PKI terms
Digital certificate
A digital certificate is a file signed by a certificate authority (CA) for an entity. It includes the following information:
Identity information of the entity.
Public key of the entity.
Name and signature of the CA.
Validity period of the certificate.
The CA's signature ensures the validity and authority of the certificate. A digital certificate binds a public key to its owner.
A digital certificate must comply with the international standard of ITU-T X.509. The most common standard is X.509 v3.
This document involves local certificate and CA certificate. A local certificate is a digital certificate signed by a CA for an entity, and a CA certificate is the certificate of a CA. If multiple CAs are trusted by different users in a PKI system, the CAs will form a CA tree with the root CA at the top level. The root CA has a CA certificate signed by itself and each lower level CA has a CA certificate signed by the CA at the next higher level.
CRL
An existing certificate might need to be revoked when, for example, the username changes, the private key leaks, or the user stops the business. Revoking a certificate will remove the binding of the public key with the user identity information. In PKI, the revocation is made through certificate revocation lists (CRLs). Whenever a certificate is revoked, the CA publishes one or more CRLs to show all certificates that have been revoked. The CRLs contain the serial numbers of all revoked certificates and provide an effective way for checking the validity of certificates.

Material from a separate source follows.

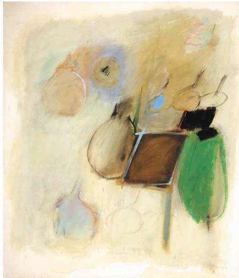
Lot 652. Ida Rittenberg Kohlmeyer, Fantasy, No. 2, 58 by 58 ½ in., $25,900 RECORD PRICE FOR THE ARTIST

Another record at auction was an impressive Ida Kohlmeyer (American/New Orleans, 1912-1997) abstract oil titled “Fantasy, No. 2” ( lot 652 ) which achieved $25,900.

A CA might publish multiple CRLs when the number of revoked certificates is so large that publishing them in a single CRL might degrade network performance. It uses CRL distribution points to indicate the URLs of these CRLs.
CA policy
A CA policy is a set of criteria that a CA follows in processing certificate requests, issuing and revoking certificates, and publishing CRLs. Usually, a CA advertises its policy in the form of certification practice statement (CPS). A CA policy can be acquired through out-of-band means such as phone, disk, and email. Make sure you understand the CA policy before you select a trusted CA for certificate request, because different CAs might use different policies.